AVAILABLE DATA:
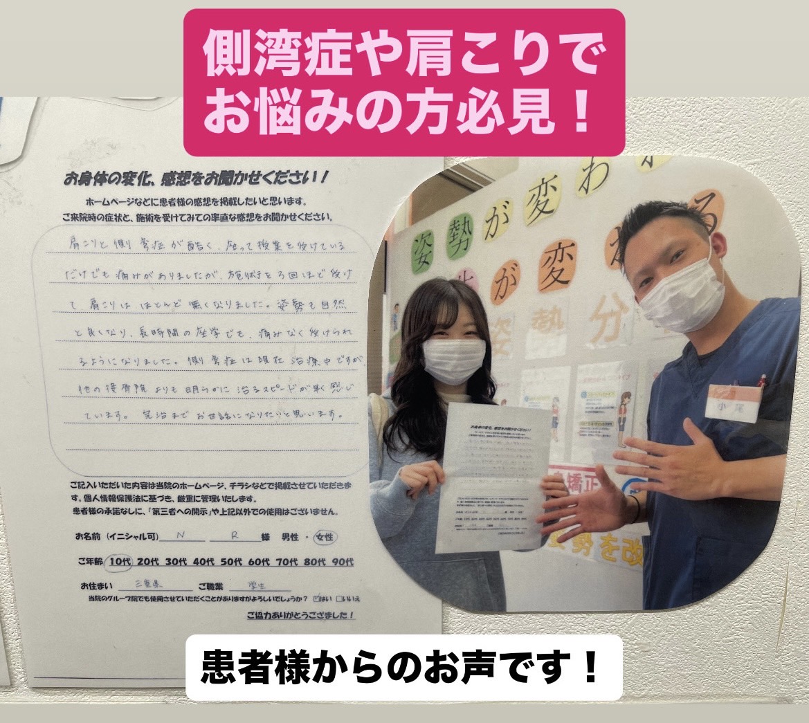 側湾症があることで体の筋バランスが崩れ肩こりにつながっていた。
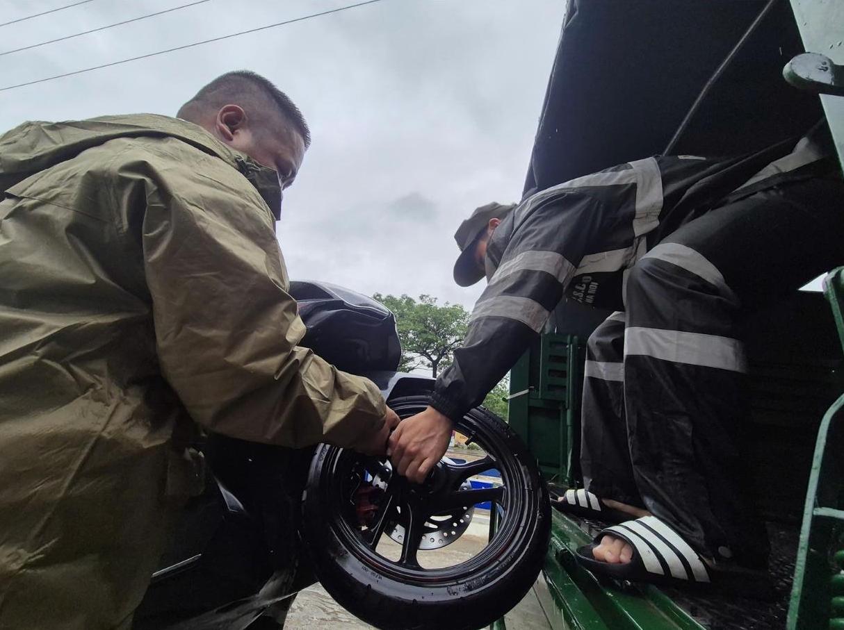 浸水した流れの中で、機動警察部隊が迅速に到着し、住民が浸水地点を移動するのを支援し、故障した車両を支援しました。
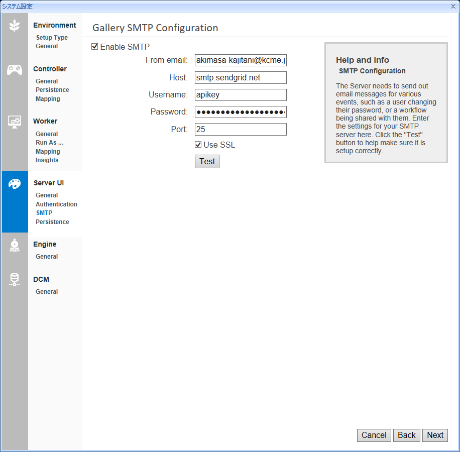 Alteryxシステム設定を起動し次へ次へ、と設定を進めていくと、「Gallery SMTP Configuration」の画面でSMTPの設定を行います。
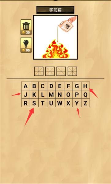 4、这张图是火上浇油成语,输入文字第一个大写字母就可以了。
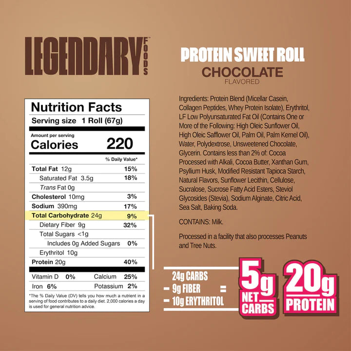 Our Protein Sweet Roll takes the iconic favorite, and infuses the Legendary nutrition profile that we demand. We're talking all the flavor and then some. 20g protein, 5g net carbs, zero sugar, and proudly gluten-free.
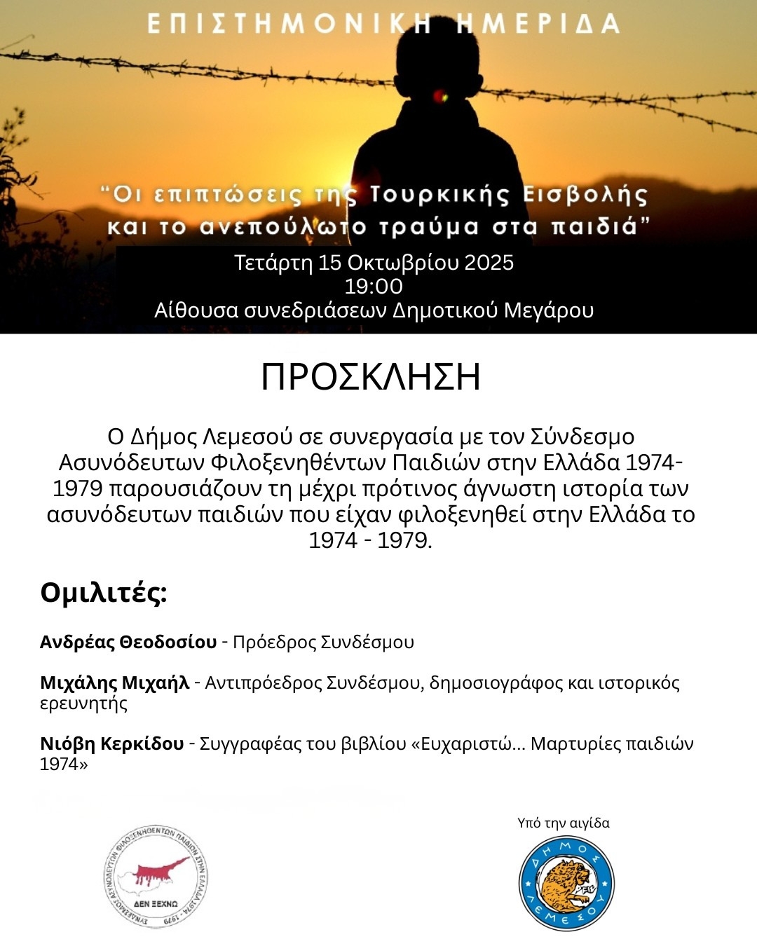Λεμεσός: Εκδήλωση μνήμης για τα ασυνόδευτα παιδιά που φιλοξενήθηκαν στην Ελλάδα (1974–1979)
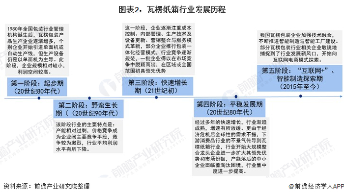 目前,我国瓦楞纸箱行业已形成一个完整、合理的产业系统,从改革开放后开始具体可以概括为以下四个阶段:第一阶段(20世纪80年代)为起步阶段。第二阶段(20世纪90年代)为野蛮生长阶段。第三阶段(21世纪初)为快速增长阶段。第四阶段(2011年起至今)为平稳发展阶段。
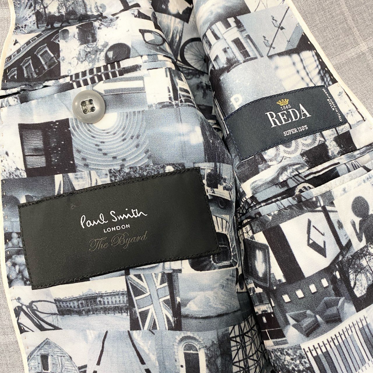 13c5 Paul Smith ポールスミス The Byard ライン シングルスーツ セットアップ レダ生地 M グレー チェック ウール メンズu02t
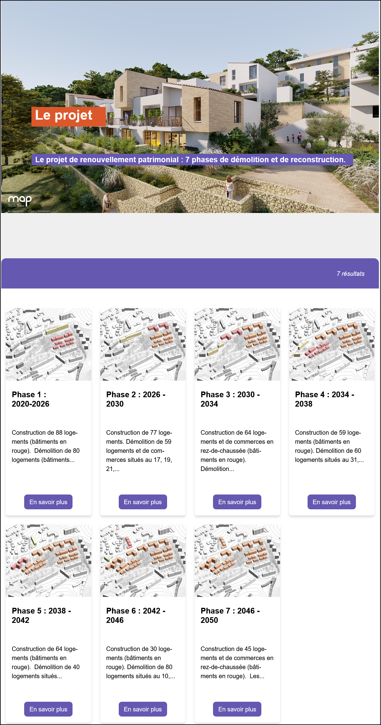 Dans le cadre de ce type d’opération, la plateforme est principalement utilisée comme une vitrine de présentation du projet de réhabilitation. C’est un lieu qui centralise l’ensemble des informations à connaître sur le projet. Les résident·es peuvent y trouver de nombreuses ressources utiles. Par exemple : le programme des travaux sur les bâtiments ou dans les logements, le planning d’intervention, etc. Ils peuvent ainsi avoir une idée précise de l’impact du projet sur leur quotidien.
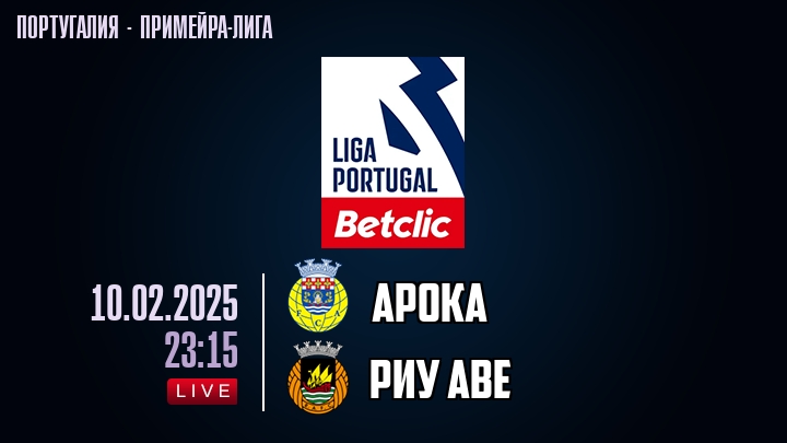 10 февраля 2025 года, состоялась онлайн трансляция футбольного матча между футбольным клубом Арока и футбольным клубом Риу Аве, проходящего в рамках Примейра-лиги Португалии.
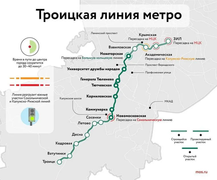 «На Троицкой поезда уже следуют до „Новомосковской“ <...> Линия метро продолжит двигаться вглубь округов. <...> В итоге изумрудная ветка протянется от станции „ЗИЛ“ в Даниловском районе до Троицка <...> до 2030 года», — сообщили в мэрии. Там же отметили, что Троицкая линия будет состоять из 17 станций и протянется более чем на 43 километра — от станции «ЗИЛ» в Даниловском районе до Троицка.
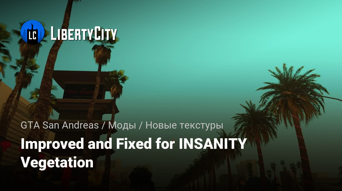 Этот мод улучшает и добавляет больше разнообразия пальмам и другим деревьям в INSANITY. Исходный мод забыл изменить некоторые модели деревьев и пальм, но я это исправил,

TASK STATEMENT: Copy out the data verbatim, with no pictures.

RESPONSE AREA:
 側湾症があることで体の筋バランスが崩れ肩こりにつながっていた。
 浸水した流れの中で、機動警察部隊が迅速に到着し、住民が浸水地点を移動するのを支援し、故障した車両を支援しました。
 Alteryxシステム設定を起動し次へ次へ、と設定を進めていくと、「Gallery SMTP Configuration」の画面でSMTPの設定を行います。
 4、这张图是火上浇油成语,输入文字第一个大写字母就可以了。
 Our Protein Sweet Roll takes the iconic favorite, and infuses the Legendary nutrition profile that we demand. We're talking all the flavor and then some. 20g protein, 5g net carbs, zero sugar, and proudly gluten-free.
Λεμεσός: Εκδήλωση μνήμης για τα ασυνόδευτα παιδιά που φιλοξενήθηκαν στην Ελλάδα (1974–1979)
 目前,我国瓦楞纸箱行业已形成一个完整、合理的产业系统,从改革开放后开始具体可以概括为以下四个阶段:第一阶段(20世纪80年代)为起步阶段。第二阶段(20世纪90年代)为野蛮生长阶段。第三阶段(21世纪初)为快速增长阶段。第四阶段(2011年起至今)为平稳发展阶段。
 13c5 Paul Smith ポールスミス The Byard ライン シングルスーツ セットアップ レダ生地 M グレー チェック ウール メンズu02t
 Dans le cadre de ce type d’opération, la plateforme est principalement utilisée comme une vitrine de présentation du projet de réhabilitation. C’est un lieu qui centralise l’ensemble des informations à connaître sur le projet. Les résident·es peuvent y trouver de nombreuses ressources utiles. Par exemple : le programme des travaux sur les bâtiments ou dans les logements, le planning d’intervention, etc. Ils peuvent ainsi avoir une idée précise de l’impact du projet sur leur quotidien.
 10 февраля 2025 года, состоялась онлайн трансляция футбольного матча между футбольным клубом Арока и футбольным клубом Риу Аве, проходящего в рамках Примейра-лиги Португалии.
 «На Троицкой поезда уже следуют до „Новомосковской“ <...> Линия метро продолжит двигаться вглубь округов. <...> В итоге изумрудная ветка протянется от станции „ЗИЛ“ в Даниловском районе до Троицка <...> до 2030 года», — сообщили в мэрии. Там же отметили, что Троицкая линия будет состоять из 17 станций и протянется более чем на 43 километра — от станции «ЗИЛ» в Даниловском районе до Троицка.
 Этот мод улучшает и добавляет больше разнообразия пальмам и другим деревьям в INSANITY. Исходный мод забыл изменить некоторые модели деревьев и пальм, но я это исправил,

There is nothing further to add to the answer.